Exercise inputs
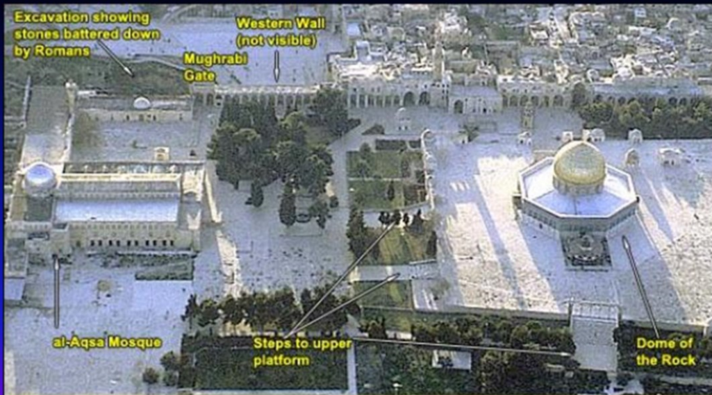
Southwest portion of the Noble Sanctuary (former Temple Mount)
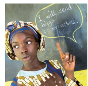
Ask, 'What did the wise woman threaten to do?'.
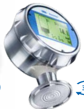
Connection can rotate 345° (bottom connection only)
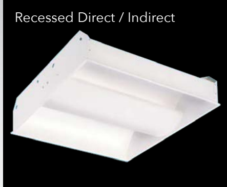
Recessed Direct / Indirect
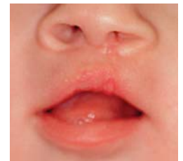
After initial surgery
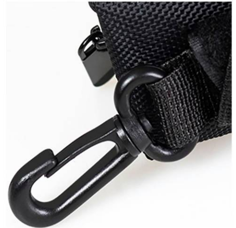
PCB-1337 Size: 9.5X5X5cm other customized sizes.
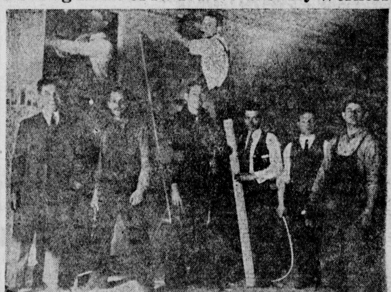
The six floors of the new Workers' Center are being rapidly prepared for occupation by the chief Communist Party institutions. Photo shows workers rushing completion of the alterations necessary.

Building Home of N. Y. Revolutionary Workers
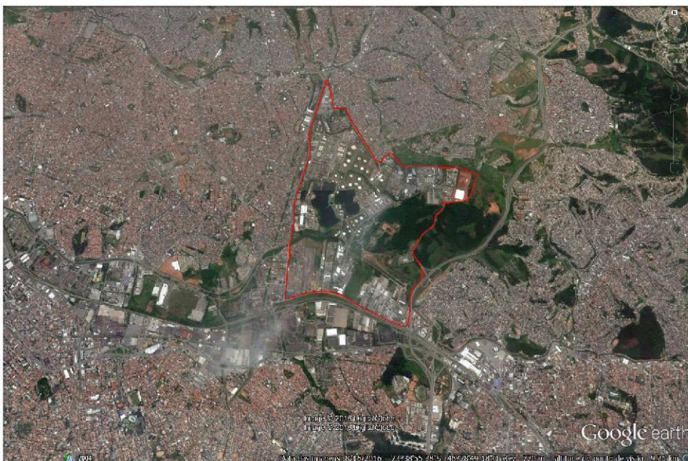
Figure 1: Satellite image showing the Capuava Petrochemical Complex (CPC) area (outlined in red)

This is a cohort study. We evaluated residents living in the area close to the Capuava Petrochemical Complex (CPC) (Fig. 1) in the Greater ABC region from July 2003 through June 2005.
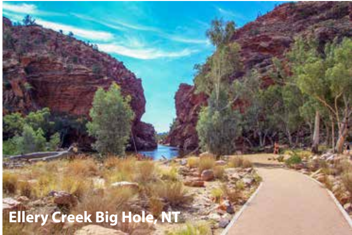
Ellery Creek Big Hole, NT

Crowne Plaza Alice Springs Lasseters (PH: 08 8950 7777)
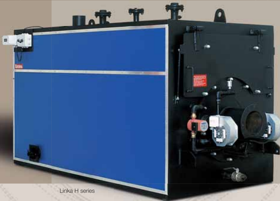
Linka H series
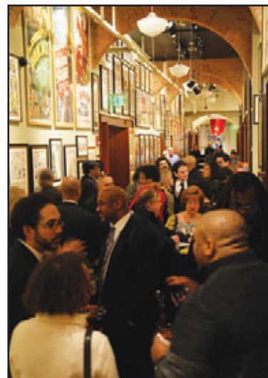
Some of the opening night crowd for the Milestones exhibit.
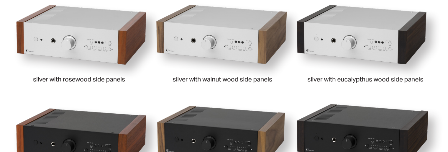
black with rosewood side panels
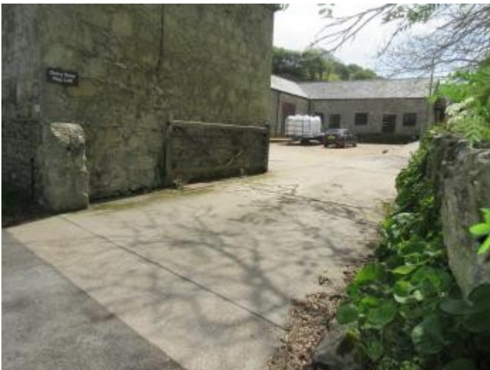
Farm and Dairy Barn entrance off Manor Road
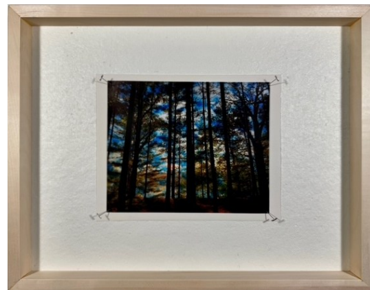
MI Treeline & Clouds; $375 Physically manipulated monoprint photo on acetate; 8.5”H x 10.5”W; 2025-2026
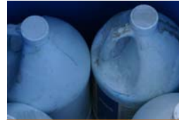
Hazardous items disposed of properly during a Clean Sweep.
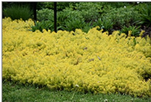
Angelina Stonecrop

This plant does best in full sun to partial shade. It prefers dry to average moisture levels with very well-drained soil, and will often die in standing water. It is considered to be drought-tolerant, and thus makes an ideal choice for a low-water garden or xeriscape application. It is not particular as to soil pH, but grows best in poor soils, and is able to handle environmental salt. It is highly tolerant of urban pollution and will even thrive in inner city environments. This is a selected variety of a species not originally from North America. It can be propagated by division; however, as a cultivated variety, be aware that it may be subject to certain restrictions or prohibitions on propagation.

Problem requirements
Copy nothing but the lines above from the one with "The six floors" to the one with "This is a cohort", inclusive, word for word. Leave every picture out.

Written response
The six floors of the new Workers' Center are being rapidly prepared for occupation by the chief Communist Party institutions. Photo shows workers rushing completion of the alterations necessary.

Building Home of N. Y. Revolutionary Workers
Figure 1: Satellite image showing the Capuava Petrochemical Complex (CPC) area (outlined in red)

This is a cohort study. We evaluated residents living in the area close to the Capuava Petrochemical Complex (CPC) (Fig. 1) in the Greater ABC region from July 2003 through June 2005.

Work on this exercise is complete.